#### [Task item]
Your reply should reproduce all the data below exactly while excluding the pictures.

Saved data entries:
%%

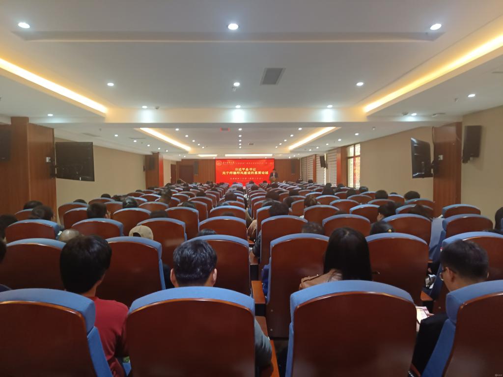 苟爽围绕“用初心使命增强责任担当”“用党的建设铸牢政治底线”“用规则制度树好规矩意识”和“用优秀文化涵养精神品德”四个方面深入解读,深刻阐述何为“师者”并勉励广大教师传承优秀师德文化、加强师德师风教育,做无愧于时代的人民教师。
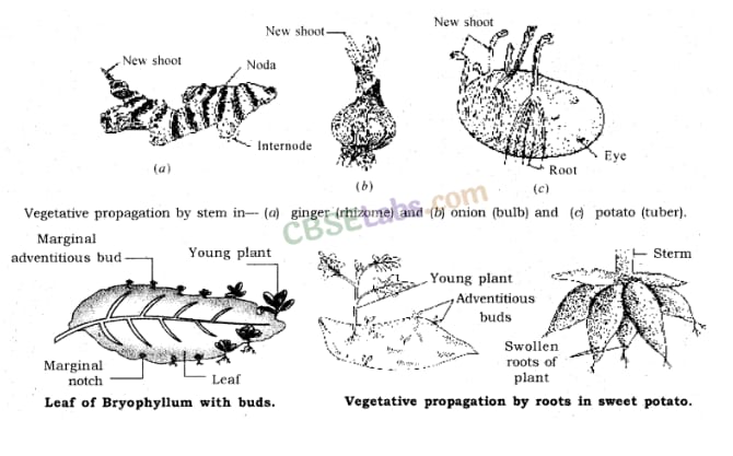 Mint reproduces naturally by roots. Sugarcane, jasmine by stems and Biyophyllum by leaves. In biyophyllum buds are produced in the notches along the leaf margins and when they fall on the soil, they develop into new plants.
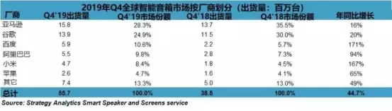 具体到各大厂商品牌,亚马逊和谷歌虽然依旧占据出货量的一二位,但各自市场份额较去年同期出现了大幅缩减,而中国品牌则持续了强劲势头,如百度、阿里、小米的市场份额依旧稳步上升,其中又以百度旗下智能音箱小度的表现最为抢眼,Q4年同比增长171%达到590万台,连续四个季度蝉联国内第一。
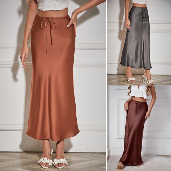 Saia longa feminina de cintura alta, saia longa de cetim suave com zíper, cor sólida, primavera, outono, saia feminina com rabo de peixe e quadril — comprar online na loja virtual Joom
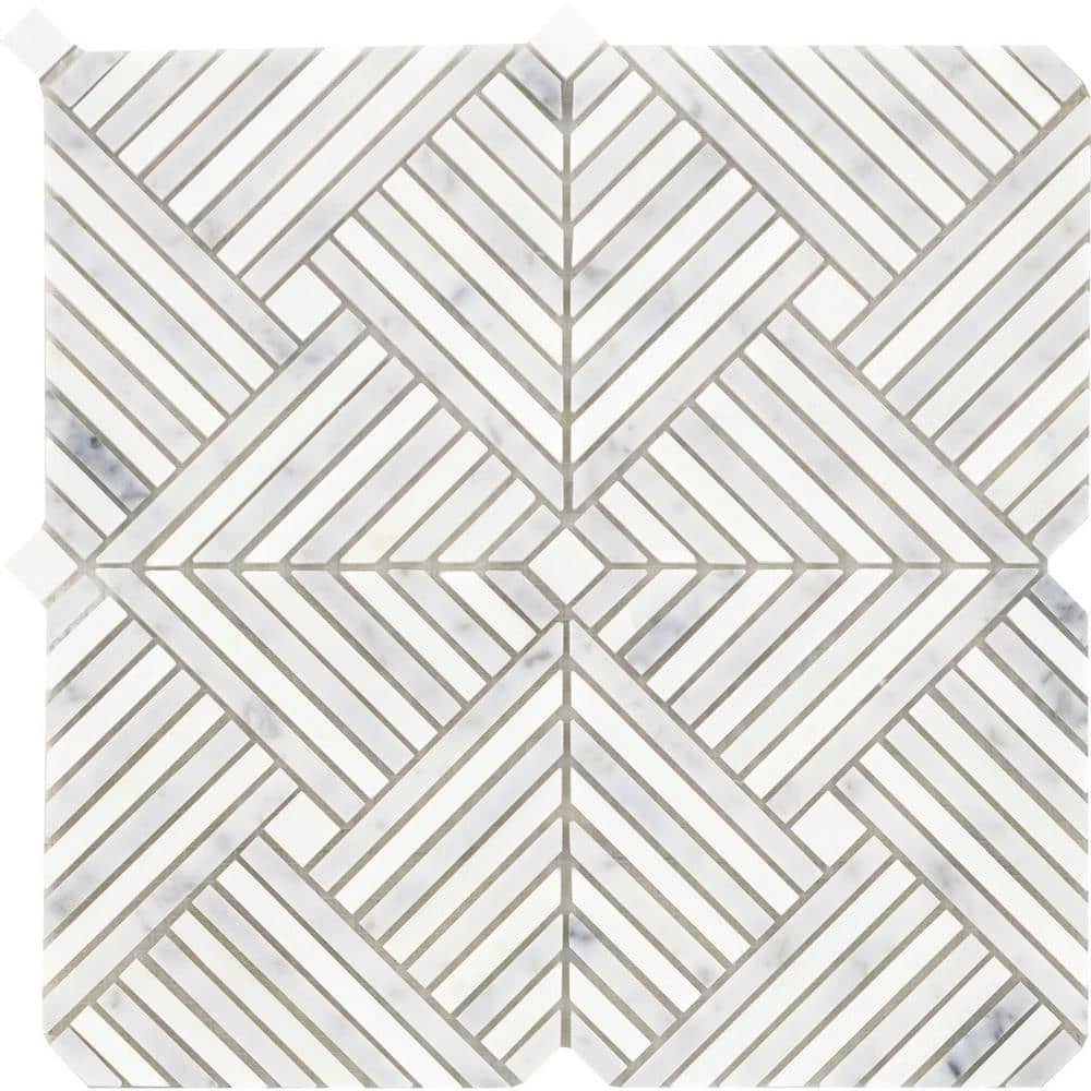 Alluro is a modern re-creation of parquet style design, using a variety of unique and eye-catching marble mosaics. Available in multiple shades of white and silver, Alluro is a fresh take on a traditional marble look. Available in 9″ x 9″ and 12″ x 12″ sizes.
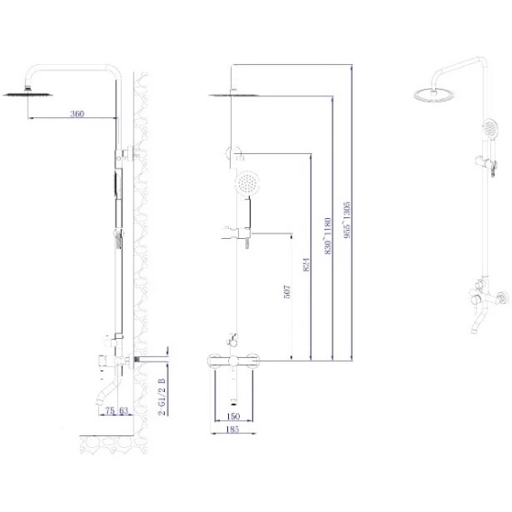 Аэратор, Металлическая розетка, Эксцентрики, Душевой шланг, Душевая лейка, Держатель для душевой лейки, Верхний душ, Смеситель, Кронштейн, Штанга душевая
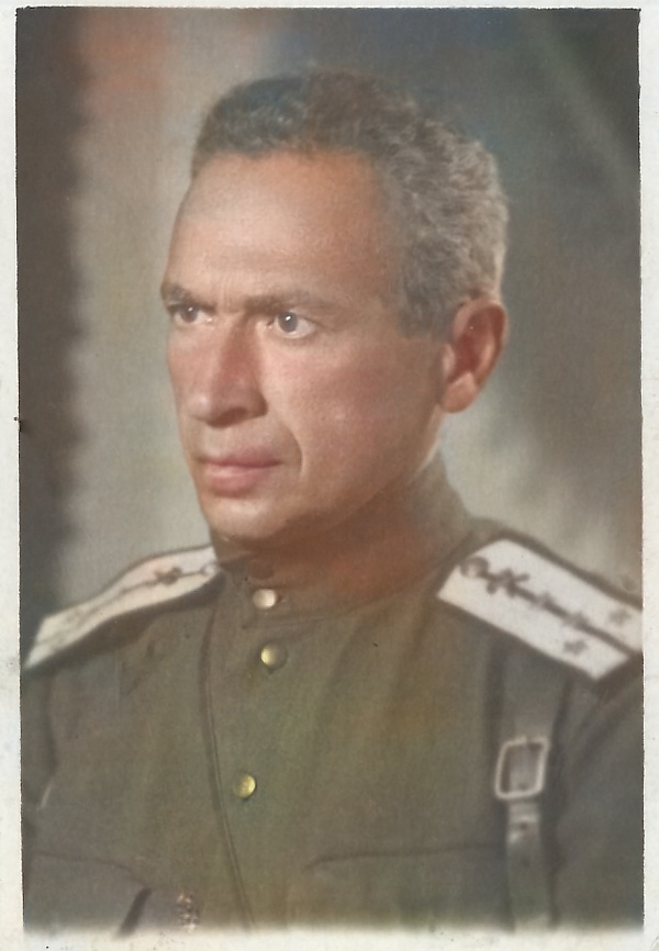 Принимал участие в Великой Отечественной войне. Служил в звании инженер-капитана. Занимался маскировкой зданий и сооружений[8].
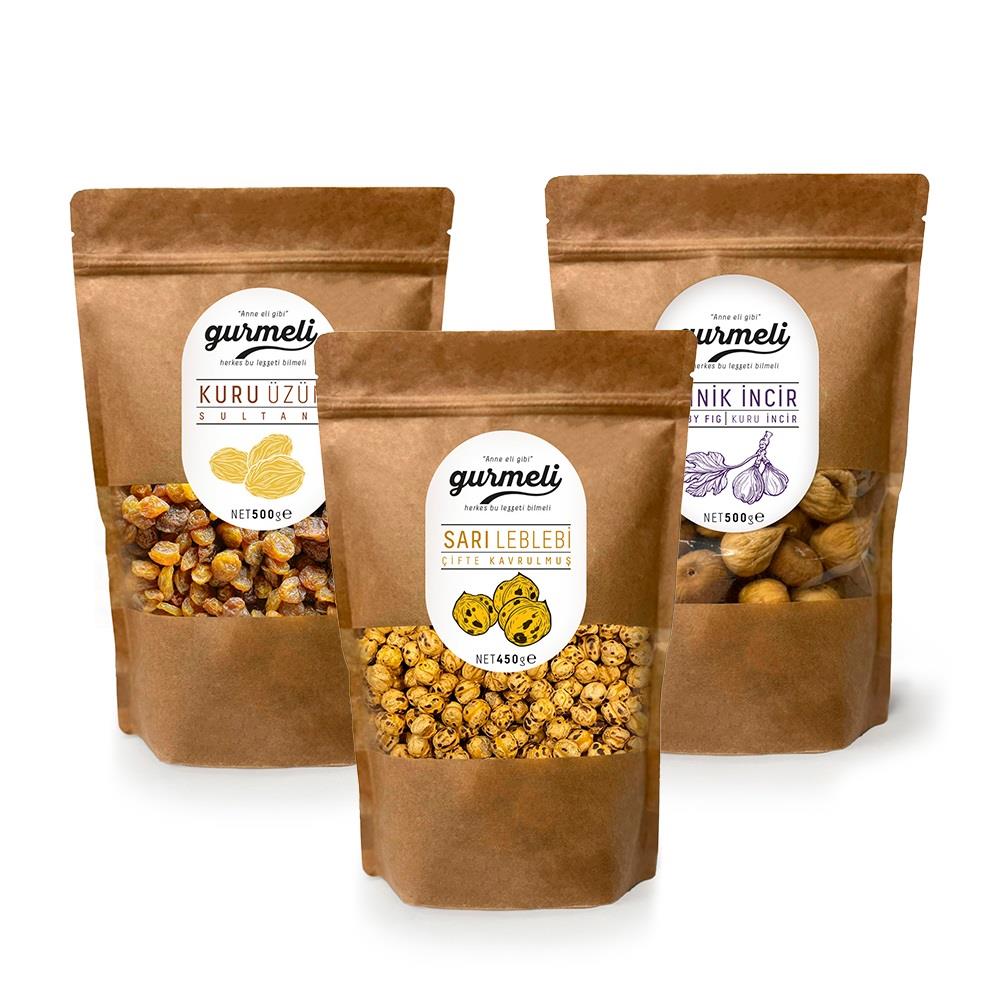 Gurmeli 3'lü Geleneksel Lezzet Paketi: Sultaniye Kuru Üzüm, Çifte Kavrulmuş Sarı Leblebi, Kuru İncir (Doğal Ara Öğün Seti)
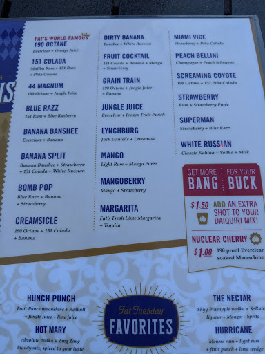 Dear Fat Tuesday, Your bartenders are nice enough. However, a Jack and Ginger is not Coke, Lemonade, and Jack Daniels. Please inform customers when you dont have a requested item. Nice enough to replace it but with FAR less liqour upon remaking to drink as just a Jack and Coke. Ripppppp
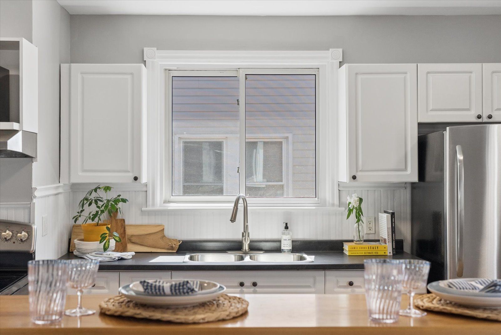 • Private backyard with deck, perfect for summer gatherings.
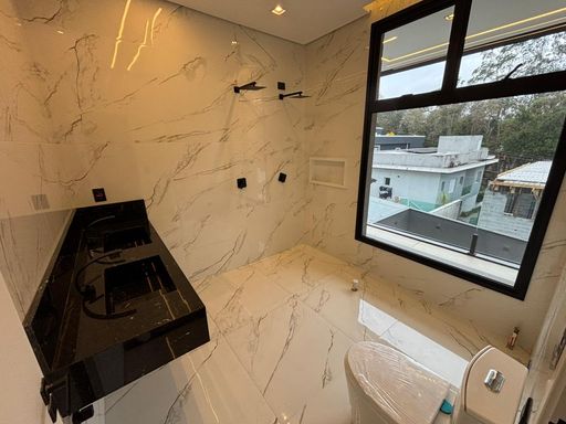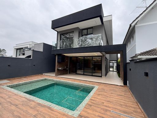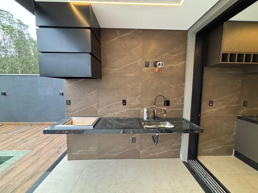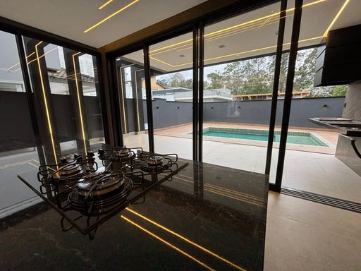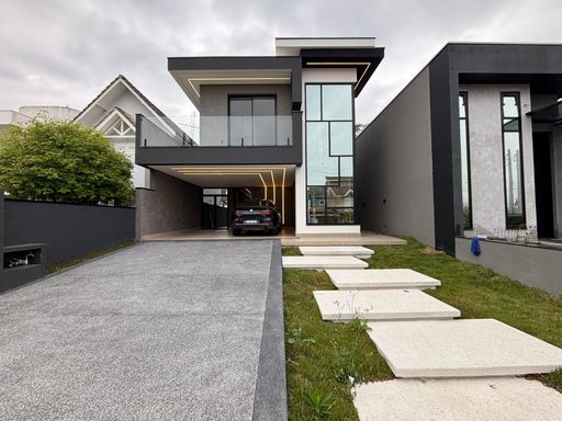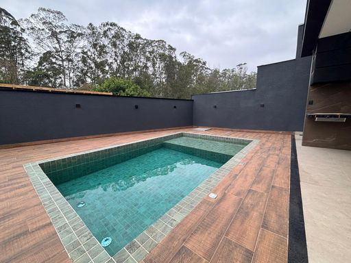 Ampla casa no Aruã com 4 suítes, sala para dois ambientes, cozinha planejada e quintal com área gourmet. Condomínio fechado com segurança 24h e excelente localização, próxima à natureza e com fácil acesso à rodovia.

%%

#### [Result below]
 苟爽围绕“用初心使命增强责任担当”“用党的建设铸牢政治底线”“用规则制度树好规矩意识”和“用优秀文化涵养精神品德”四个方面深入解读,深刻阐述何为“师者”并勉励广大教师传承优秀师德文化、加强师德师风教育,做无愧于时代的人民教师。
 Mint reproduces naturally by roots. Sugarcane, jasmine by stems and Biyophyllum by leaves. In biyophyllum buds are produced in the notches along the leaf margins and when they fall on the soil, they develop into new plants.
 具体到各大厂商品牌,亚马逊和谷歌虽然依旧占据出货量的一二位,但各自市场份额较去年同期出现了大幅缩减,而中国品牌则持续了强劲势头,如百度、阿里、小米的市场份额依旧稳步上升,其中又以百度旗下智能音箱小度的表现最为抢眼,Q4年同比增长171%达到590万台,连续四个季度蝉联国内第一。
 Saia longa feminina de cintura alta, saia longa de cetim suave com zíper, cor sólida, primavera, outono, saia feminina com rabo de peixe e quadril — comprar online na loja virtual Joom
 Alluro is a modern re-creation of parquet style design, using a variety of unique and eye-catching marble mosaics. Available in multiple shades of white and silver, Alluro is a fresh take on a traditional marble look. Available in 9″ x 9″ and 12″ x 12″ sizes.
 Аэратор, Металлическая розетка, Эксцентрики, Душевой шланг, Душевая лейка, Держатель для душевой лейки, Верхний душ, Смеситель, Кронштейн, Штанга душевая
 Принимал участие в Великой Отечественной войне. Служил в звании инженер-капитана. Занимался маскировкой зданий и сооружений[8].
 Gurmeli 3'lü Geleneksel Lezzet Paketi: Sultaniye Kuru Üzüm, Çifte Kavrulmuş Sarı Leblebi, Kuru İncir (Doğal Ara Öğün Seti)
 Dear Fat Tuesday, Your bartenders are nice enough. However, a Jack and Ginger is not Coke, Lemonade, and Jack Daniels. Please inform customers when you dont have a requested item. Nice enough to replace it but with FAR less liqour upon remaking to drink as just a Jack and Coke. Ripppppp
 • Private backyard with deck, perfect for summer gatherings.
 Ampla casa no Aruã com 4 suítes, sala para dois ambientes, cozinha planejada e quintal com área gourmet. Condomínio fechado com segurança 24h e excelente localização, próxima à natureza e com fácil acesso à rodovia.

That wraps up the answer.